# Refinishing a Colt Officer's Model.



## Playboy Penguin (Jul 17, 2008)

I picked up that beat up Colt officer's model yesterday. I got a very good price on it because of it's cosmetic condition. The frame is quite scratched up and has some really bad idiot marks on the side. The slide is not as bad bit it is not exactly pristine either. It has lots of little scratches. I refinished it last nigth and it is looking pretty nice...if I do say so myself. 

Here are some before pics.



















...and here is a pic of the frame after some work. I took some 320 grit sandpaper and sanded out the scratches and nicks. Luckily they were very shallow so I did not end up with any low spots.
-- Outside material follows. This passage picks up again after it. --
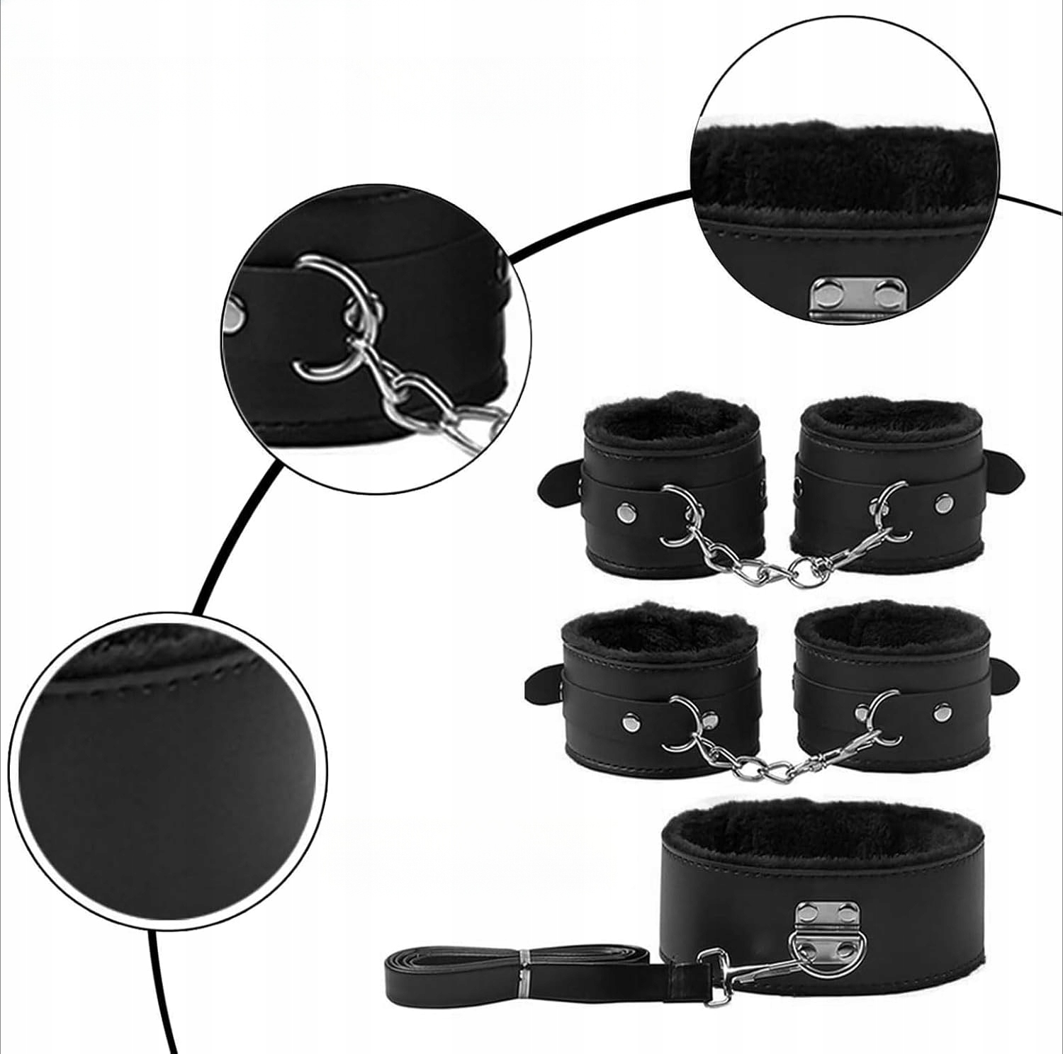 Этот комплект, изготовленный из высококачественной искусственной кожи, мягкого хлопка и нейлона, рассчитан на долгий срок службы. Материалы нежны к коже, что позволяет длительное использование без раздражения. Металлические элементы обеспечивают долговечность и надежность, гарантируя безопасность и удовольствие как вам, так и вашему партнеру.

After that I beadblasted the whole thing, giving it a pearl like finish, then rebuffed the flat sides back to a brushed stainless look. I then changed out the grips and trigger.

I should have the slide done soon. It does not need nearly as much work. It is looking good so far.


----------



## Baldy (Jun 21, 2006)

Nice work there. Sometimes a fellow can get a great deal on a old pistol that has been rough up. Good luck with yours. :smt1099


----------



## zhurdan (Mar 21, 2008)

Very cool.

You seem to be quite skilled not only with the camera, but with the sandpaper as well. If you have the time and willingness to do so, would you mind typing up a tutorial of sorts for some refinishing tips?

Personally, I've got a SS Kahr K40 Elite 98 that has a few scratchy scratches on it and I'd like to get rid of them. It's a carry gun, so it gets used a lot, but I'd like to buff out the scratches.

Anything that you can provide would be very helpful. Thank you.

Zhur


----------



## Old Padawan (Mar 16, 2007)

It looks TERRIBLE. Get rid of it right away (pm me and I will generously take it off your hands).:mrgreen:


----------